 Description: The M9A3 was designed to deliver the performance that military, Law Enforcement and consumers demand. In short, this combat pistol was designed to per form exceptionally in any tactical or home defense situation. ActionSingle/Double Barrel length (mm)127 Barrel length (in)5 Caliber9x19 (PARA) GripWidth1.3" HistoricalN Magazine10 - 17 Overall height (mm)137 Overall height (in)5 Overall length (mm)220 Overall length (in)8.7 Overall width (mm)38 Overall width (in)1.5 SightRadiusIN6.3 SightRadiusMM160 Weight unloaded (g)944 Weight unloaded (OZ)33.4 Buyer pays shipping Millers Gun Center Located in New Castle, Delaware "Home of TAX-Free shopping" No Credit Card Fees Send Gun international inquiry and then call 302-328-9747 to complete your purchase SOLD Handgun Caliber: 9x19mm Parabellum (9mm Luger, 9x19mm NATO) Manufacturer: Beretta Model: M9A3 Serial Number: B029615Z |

* * *

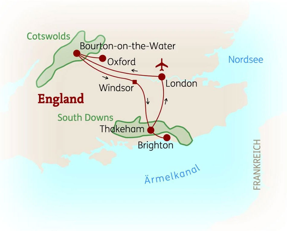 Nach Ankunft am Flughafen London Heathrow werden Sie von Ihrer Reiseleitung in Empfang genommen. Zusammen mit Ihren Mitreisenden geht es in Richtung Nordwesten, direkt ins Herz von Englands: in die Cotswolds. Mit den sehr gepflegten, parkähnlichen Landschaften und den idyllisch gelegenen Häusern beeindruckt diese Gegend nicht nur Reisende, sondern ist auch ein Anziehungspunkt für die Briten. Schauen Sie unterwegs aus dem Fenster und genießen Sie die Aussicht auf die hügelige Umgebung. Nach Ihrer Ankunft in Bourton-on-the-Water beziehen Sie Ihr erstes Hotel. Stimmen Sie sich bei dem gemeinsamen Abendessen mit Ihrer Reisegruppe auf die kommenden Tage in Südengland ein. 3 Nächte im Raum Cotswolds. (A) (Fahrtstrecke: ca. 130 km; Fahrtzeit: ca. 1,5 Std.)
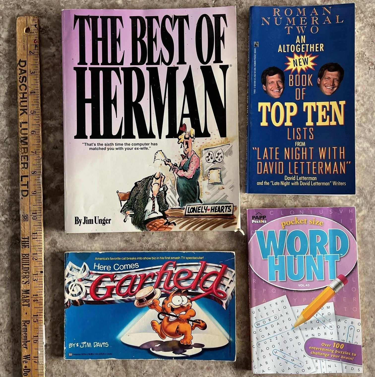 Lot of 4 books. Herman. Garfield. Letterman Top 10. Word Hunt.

Exercise:
In the material above, one part opens with the line containing "Nach Ankunft am" and closes with the line containing "Lot of 4 books.". Write out that part exactly and skip its pictures.

Answer:
 Nach Ankunft am Flughafen London Heathrow werden Sie von Ihrer Reiseleitung in Empfang genommen. Zusammen mit Ihren Mitreisenden geht es in Richtung Nordwesten, direkt ins Herz von Englands: in die Cotswolds. Mit den sehr gepflegten, parkähnlichen Landschaften und den idyllisch gelegenen Häusern beeindruckt diese Gegend nicht nur Reisende, sondern ist auch ein Anziehungspunkt für die Briten. Schauen Sie unterwegs aus dem Fenster und genießen Sie die Aussicht auf die hügelige Umgebung. Nach Ihrer Ankunft in Bourton-on-the-Water beziehen Sie Ihr erstes Hotel. Stimmen Sie sich bei dem gemeinsamen Abendessen mit Ihrer Reisegruppe auf die kommenden Tage in Südengland ein. 3 Nächte im Raum Cotswolds. (A) (Fahrtstrecke: ca. 130 km; Fahrtzeit: ca. 1,5 Std.)
 Lot of 4 books. Herman. Garfield. Letterman Top 10. Word Hunt.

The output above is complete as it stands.